- _What is required_:
Taking the entries below, transcribe only the lines starting with the one with "3月末の基準価額は32,17" and going on through the one with "3. VinylRus Heat", exactly as written, without the pictures.
[[ Extracted data open ]]
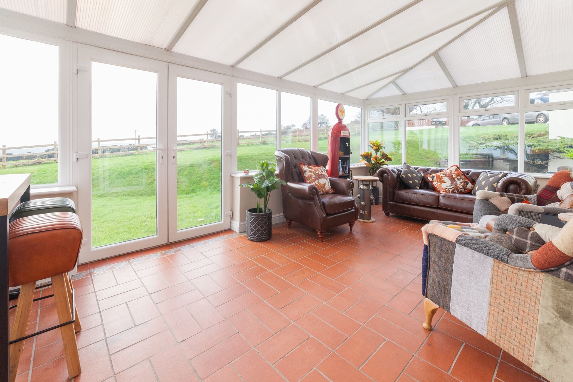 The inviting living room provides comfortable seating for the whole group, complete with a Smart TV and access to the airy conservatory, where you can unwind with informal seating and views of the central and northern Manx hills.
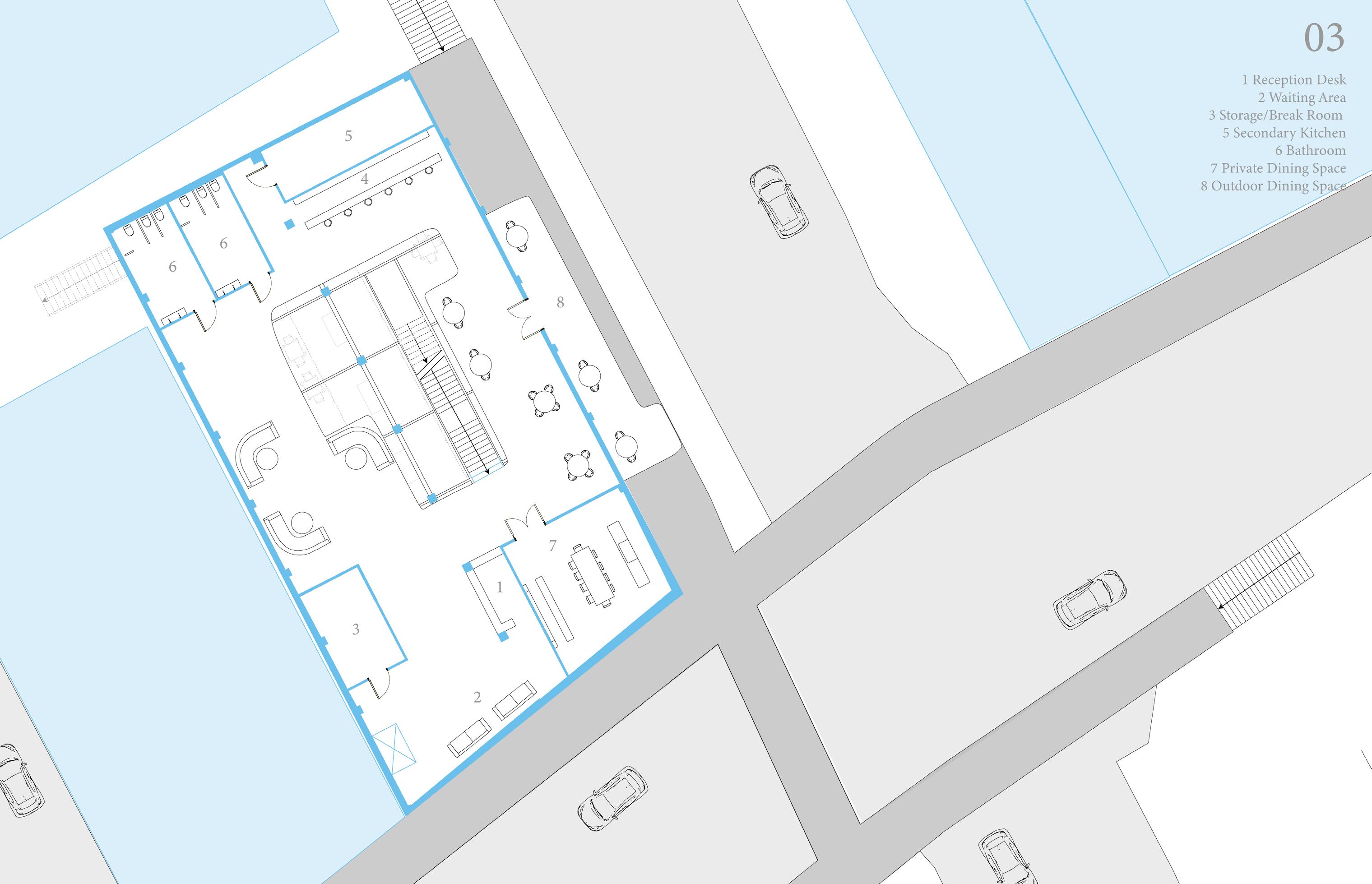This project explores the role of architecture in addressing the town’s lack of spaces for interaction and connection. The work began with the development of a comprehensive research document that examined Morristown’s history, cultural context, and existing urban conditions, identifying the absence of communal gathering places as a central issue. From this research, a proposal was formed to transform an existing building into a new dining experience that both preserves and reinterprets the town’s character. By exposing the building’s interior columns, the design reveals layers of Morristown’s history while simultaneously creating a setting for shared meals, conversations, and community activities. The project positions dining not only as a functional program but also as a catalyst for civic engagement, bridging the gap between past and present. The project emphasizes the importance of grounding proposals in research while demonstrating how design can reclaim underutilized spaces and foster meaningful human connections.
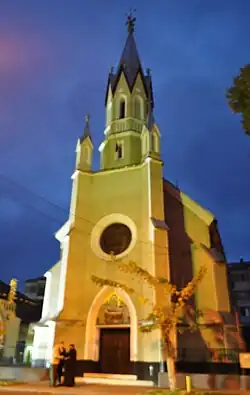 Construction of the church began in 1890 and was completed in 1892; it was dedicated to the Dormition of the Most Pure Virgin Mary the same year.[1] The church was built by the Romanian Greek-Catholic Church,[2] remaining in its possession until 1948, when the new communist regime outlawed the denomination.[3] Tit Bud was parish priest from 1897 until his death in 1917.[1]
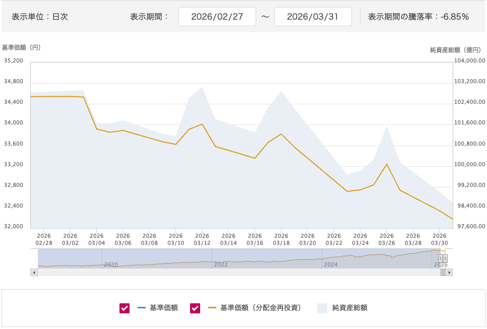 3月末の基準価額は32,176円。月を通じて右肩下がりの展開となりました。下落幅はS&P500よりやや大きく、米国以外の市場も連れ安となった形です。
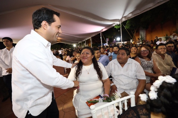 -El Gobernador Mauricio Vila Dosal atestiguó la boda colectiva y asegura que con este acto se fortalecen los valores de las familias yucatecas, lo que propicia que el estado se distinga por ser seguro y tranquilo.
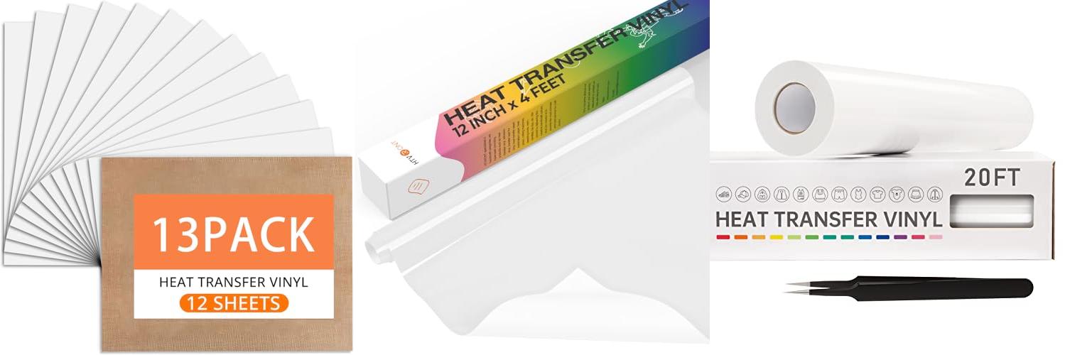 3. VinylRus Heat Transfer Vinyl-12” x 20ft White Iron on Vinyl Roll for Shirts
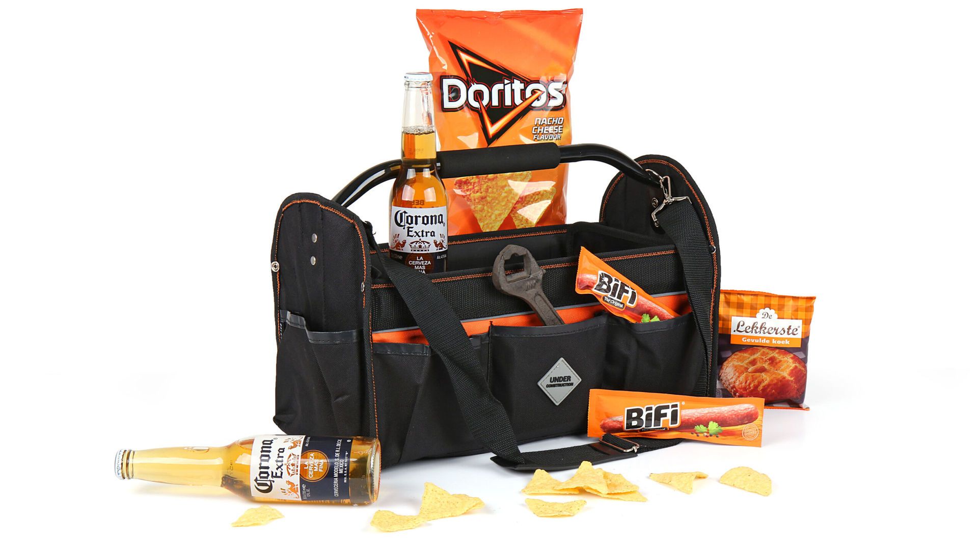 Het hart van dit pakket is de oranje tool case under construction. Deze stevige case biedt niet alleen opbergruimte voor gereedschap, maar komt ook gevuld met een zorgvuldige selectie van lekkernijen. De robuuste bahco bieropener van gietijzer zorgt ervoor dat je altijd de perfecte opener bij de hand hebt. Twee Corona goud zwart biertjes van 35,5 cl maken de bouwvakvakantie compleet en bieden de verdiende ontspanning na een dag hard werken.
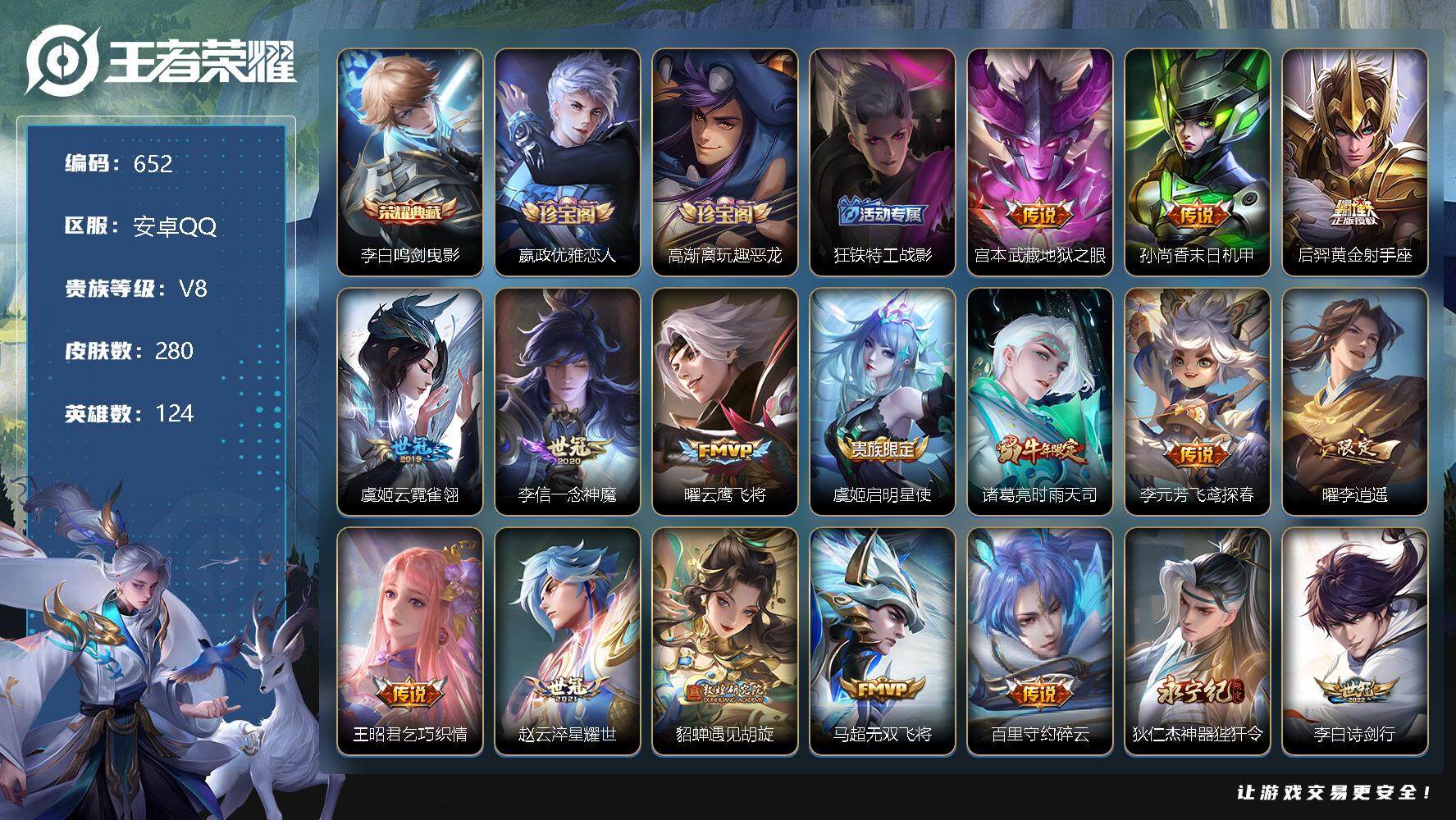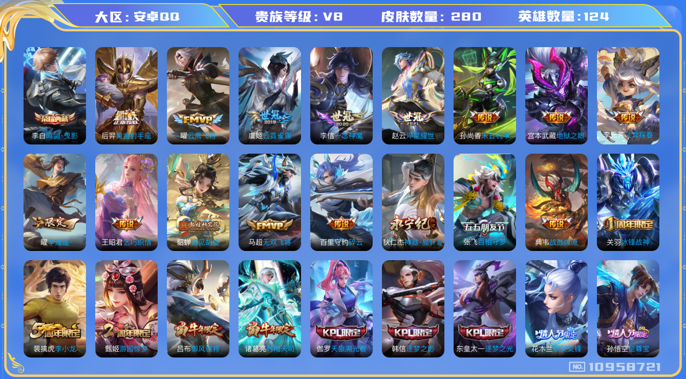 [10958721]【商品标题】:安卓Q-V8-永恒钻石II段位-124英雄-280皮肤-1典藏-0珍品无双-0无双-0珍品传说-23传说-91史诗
[[ Extracted data closed ]]
- _Answer space_:
 3月末の基準価額は32,176円。月を通じて右肩下がりの展開となりました。下落幅はS&P500よりやや大きく、米国以外の市場も連れ安となった形です。
 -El Gobernador Mauricio Vila Dosal atestiguó la boda colectiva y asegura que con este acto se fortalecen los valores de las familias yucatecas, lo que propicia que el estado se distinga por ser seguro y tranquilo.
 3. VinylRus Heat Transfer Vinyl-12” x 20ft White Iron on Vinyl Roll for Shirts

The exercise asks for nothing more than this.